Even as the space’s built-in features are crucial, the center’s highly skilled faculty and staff realize that ongoing training and adherence to policy set the facility apart.
This conscientiousness is the lynchpin of the center’s chemotherapy safety program. “We have policies for everything: administration and delivery of chemo, storage and disposal of drugs, discharging pets, even educating owners on how to safely handle pet waste,” Klahn said. “We share responsibility for modeling good practices.”
The people in the fight: New faculty, interim leadership, a new director on the horizon
Treating veterinary cancer is not for the faint of heart. Pets’ shorter lifespans, coupled with the inherent lethality of many cancers, makes oncology a specialty that attracts those who are motivated to fight long odds. And for many clinicians and researchers, more of the same is just not good enough.
“The cancers I focus on in my research have some of the direst prognoses in veterinary medicine. Many of these cancers, like osteosarcoma and pancreatic tumors, are also very aggressive in humans,” said Tuohy, who is exploring new therapies for these deadly tumors. “The survival expectation of dogs and people with osteosarcoma, as one example, hasn’t improved in decades. It’s such a painful cancer for patients and often highly metastatic.”
In the face of such bleak prognoses, Tuohy still believes that abstract questions are less important than the lives of her patients. “I think it’s important to hold on to the positive outcomes,” she said, “but also remember the cases where things didn’t go well. We have to do that if we’re going to improve outcomes.”
Tina Pegg, the owner of Bradford, an 11-year-old mountain cur mix, shares Tuohy’s outlook.
Bradford, a protective, quirky dog that, Pegg said, “just showed up” right before Thanksgiving in 2011, had a big personality. Diagnosed with a pancreatic tumor that metastasized to a lymph node, Bradford recently died after undergoing an experimental procedure on the tumor.
Although the outcome wasn’t what was hoped for, Pegg understands the value of Bradford’s treatment. “Bradford was a trailblazer. He did what he had to do to contribute [to the advancement of science], and then he was ready to move on,” said Pegg. “I truly believe this was the right path for him.”
As the new center’s interim director, Tuohy is surrounded by a team that shares her commitment to improving outcomes for animals like Bradford. Joining Athanasiadi, Dervisis, and Klahn, three new veterinarians were recently hired, expanding the ranks of the 11 doctors, six technicians, and four staff members who support the center’s operations.

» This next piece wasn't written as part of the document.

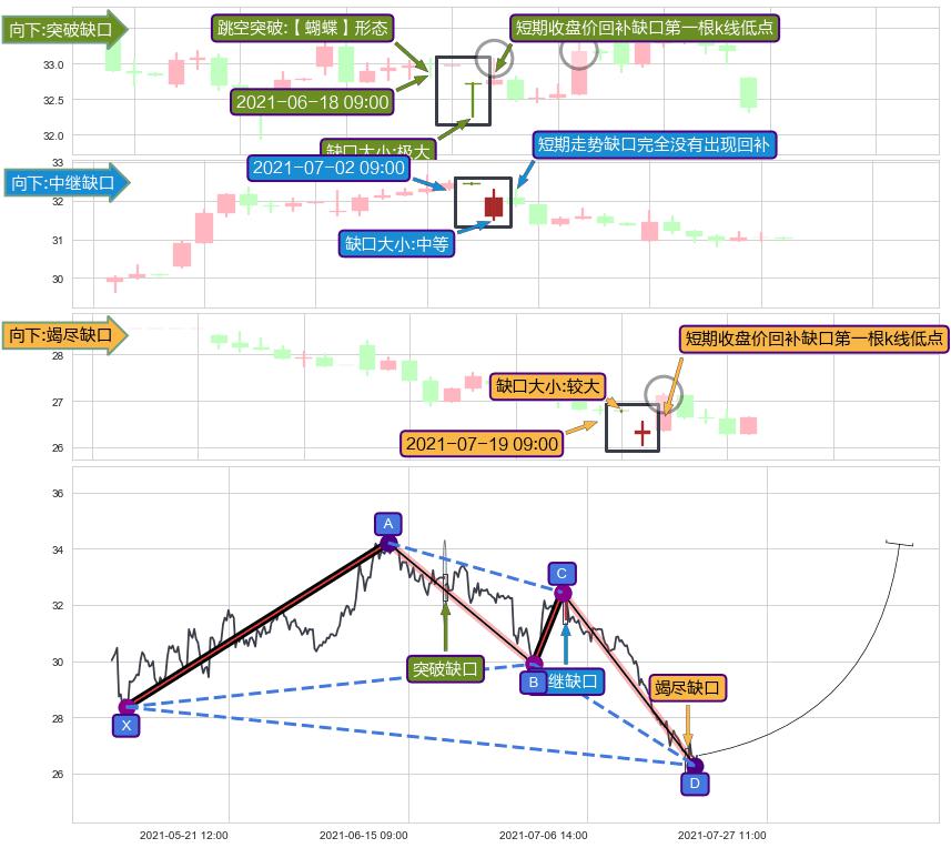 ➢ 2021-07-19 09:00形成:向下跳空【竭尽】缺口

Radiation and medical oncologist Keiko Murakami has distinctive credentials, having completed two demanding residencies: one in radiation oncology at Purdue University, and one in medical oncology at Auburn University.
Oncologic surgeon Brittany Ciepluch completed an internship at the University of Florida, a residency at Texas A&M, and a surgical oncology fellowship at Colorado State University.
Nick Rancilio, a radiation oncologist and researcher who arrived from Auburn University, focuses on stereotactic and hypofractionated radiation therapy, techniques designed to deliver precisely targeted radiation in fewer treatments.
In addition, a search for a permanent director to lead the growing team of cancer experts has been opened. “We’re hoping,” said Tuohy, “to find someone who is passionate about advancing the diagnosis, treatment, and prevention of cancer in pets, as well as promoting the principles of One Health to achieve progress in cancer care for animals and people.”
Well prepared in the face of difficult and sometimes emotionally painful work, the oncology team at the Animal Cancer Center is committed to uncovering ways to extend and improve the quality of their patients’ lives. Like Tina Pegg’s description of her dog’s journey, they, too, believe they are on the right path.